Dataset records
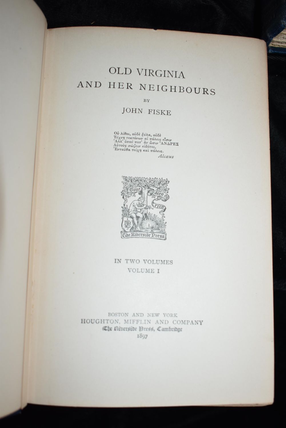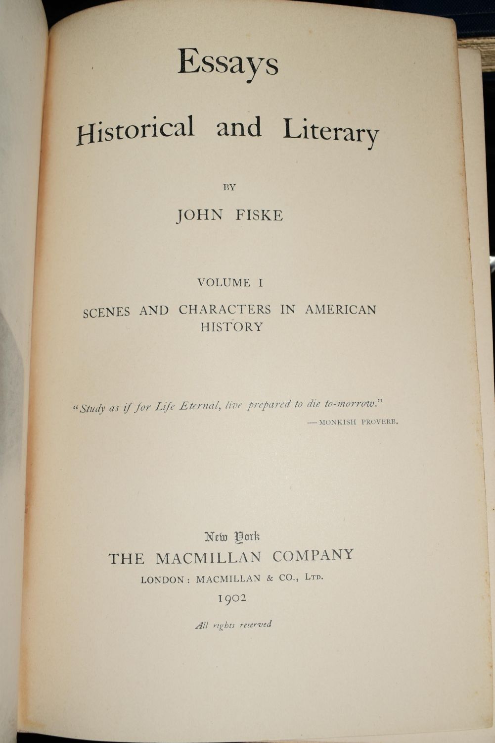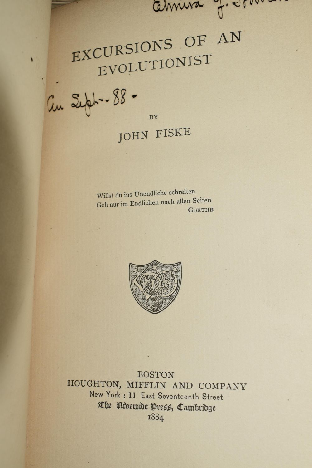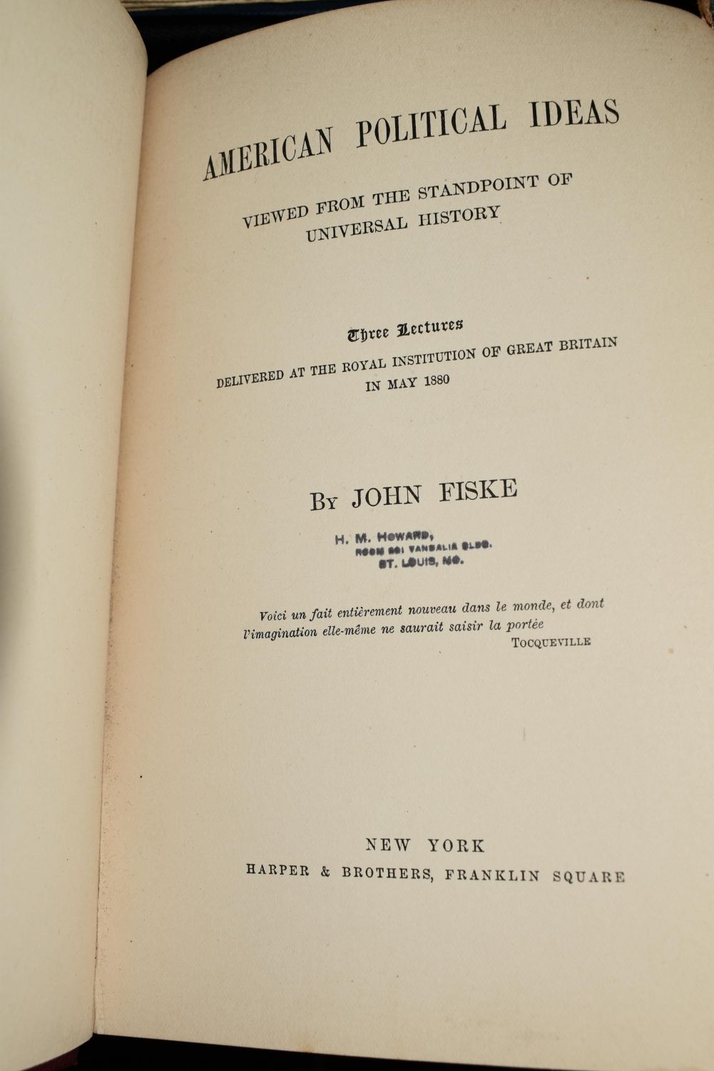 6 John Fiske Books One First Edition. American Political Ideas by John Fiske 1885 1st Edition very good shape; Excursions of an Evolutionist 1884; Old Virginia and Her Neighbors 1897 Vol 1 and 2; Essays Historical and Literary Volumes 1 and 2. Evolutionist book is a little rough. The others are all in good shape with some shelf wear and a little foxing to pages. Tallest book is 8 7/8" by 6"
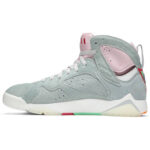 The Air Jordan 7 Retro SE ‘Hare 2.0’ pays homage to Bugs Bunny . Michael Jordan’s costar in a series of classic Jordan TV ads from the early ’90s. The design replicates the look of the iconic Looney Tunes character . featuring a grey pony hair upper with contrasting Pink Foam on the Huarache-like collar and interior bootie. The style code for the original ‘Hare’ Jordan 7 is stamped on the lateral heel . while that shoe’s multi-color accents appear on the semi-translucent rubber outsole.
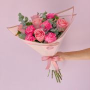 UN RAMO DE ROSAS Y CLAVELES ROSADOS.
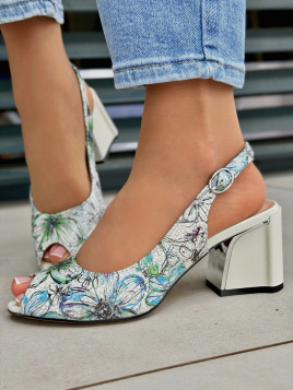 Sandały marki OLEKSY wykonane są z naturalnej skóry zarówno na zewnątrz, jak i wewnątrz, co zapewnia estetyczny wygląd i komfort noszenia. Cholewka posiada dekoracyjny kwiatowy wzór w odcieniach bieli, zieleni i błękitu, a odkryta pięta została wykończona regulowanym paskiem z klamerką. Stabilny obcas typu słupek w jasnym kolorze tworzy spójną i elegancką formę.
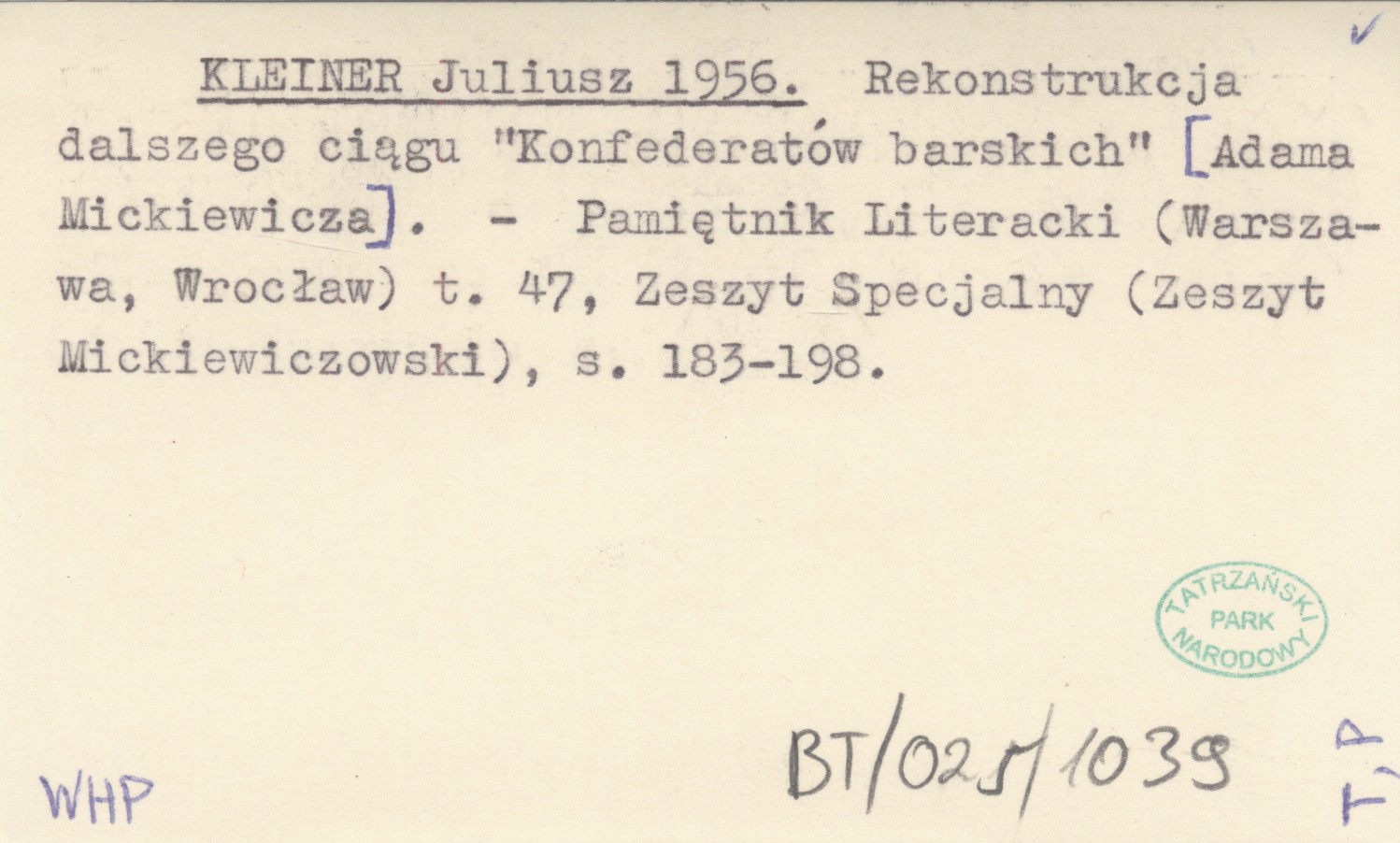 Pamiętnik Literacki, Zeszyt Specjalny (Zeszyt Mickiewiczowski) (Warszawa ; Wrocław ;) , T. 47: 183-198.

## What is required
Copy nothing outside the span: please output the lines from the one with "UN RAMO DE ROSAS Y CLAVELES ROSADOS." through the end of the entries above, and skip the pictures.

## Output below
 UN RAMO DE ROSAS Y CLAVELES ROSADOS.
 Sandały marki OLEKSY wykonane są z naturalnej skóry zarówno na zewnątrz, jak i wewnątrz, co zapewnia estetyczny wygląd i komfort noszenia. Cholewka posiada dekoracyjny kwiatowy wzór w odcieniach bieli, zieleni i błękitu, a odkryta pięta została wykończona regulowanym paskiem z klamerką. Stabilny obcas typu słupek w jasnym kolorze tworzy spójną i elegancką formę.
 Pamiętnik Literacki, Zeszyt Specjalny (Zeszyt Mickiewiczowski) (Warszawa ; Wrocław ;) , T. 47: 183-198.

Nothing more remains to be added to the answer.